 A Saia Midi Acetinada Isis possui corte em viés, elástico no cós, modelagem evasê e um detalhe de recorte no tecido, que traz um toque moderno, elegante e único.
--
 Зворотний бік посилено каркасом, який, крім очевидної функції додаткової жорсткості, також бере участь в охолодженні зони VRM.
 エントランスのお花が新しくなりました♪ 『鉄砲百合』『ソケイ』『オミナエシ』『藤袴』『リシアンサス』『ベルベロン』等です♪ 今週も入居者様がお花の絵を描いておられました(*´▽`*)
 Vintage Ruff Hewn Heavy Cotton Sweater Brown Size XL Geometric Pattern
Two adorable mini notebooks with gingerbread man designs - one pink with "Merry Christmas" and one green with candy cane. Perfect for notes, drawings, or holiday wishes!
--
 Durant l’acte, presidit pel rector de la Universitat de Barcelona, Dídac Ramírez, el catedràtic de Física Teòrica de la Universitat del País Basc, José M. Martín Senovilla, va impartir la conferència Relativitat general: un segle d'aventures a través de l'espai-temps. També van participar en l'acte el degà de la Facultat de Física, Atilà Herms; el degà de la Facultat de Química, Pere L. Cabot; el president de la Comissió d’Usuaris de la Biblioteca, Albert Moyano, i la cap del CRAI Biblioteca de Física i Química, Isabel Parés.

TASK GOAL: Nothing but the lines above from the one containing "Зворотний бік посилено" through the one containing "Two adorable mini" should appear in the answer, each repeated exactly.

TASK ANSWER:
 Зворотний бік посилено каркасом, який, крім очевидної функції додаткової жорсткості, також бере участь в охолодженні зони VRM.
 エントランスのお花が新しくなりました♪ 『鉄砲百合』『ソケイ』『オミナエシ』『藤袴』『リシアンサス』『ベルベロン』等です♪ 今週も入居者様がお花の絵を描いておられました(*´▽`*)
 Vintage Ruff Hewn Heavy Cotton Sweater Brown Size XL Geometric Pattern
Two adorable mini notebooks with gingerbread man designs - one pink with "Merry Christmas" and one green with candy cane. Perfect for notes, drawings, or holiday wishes!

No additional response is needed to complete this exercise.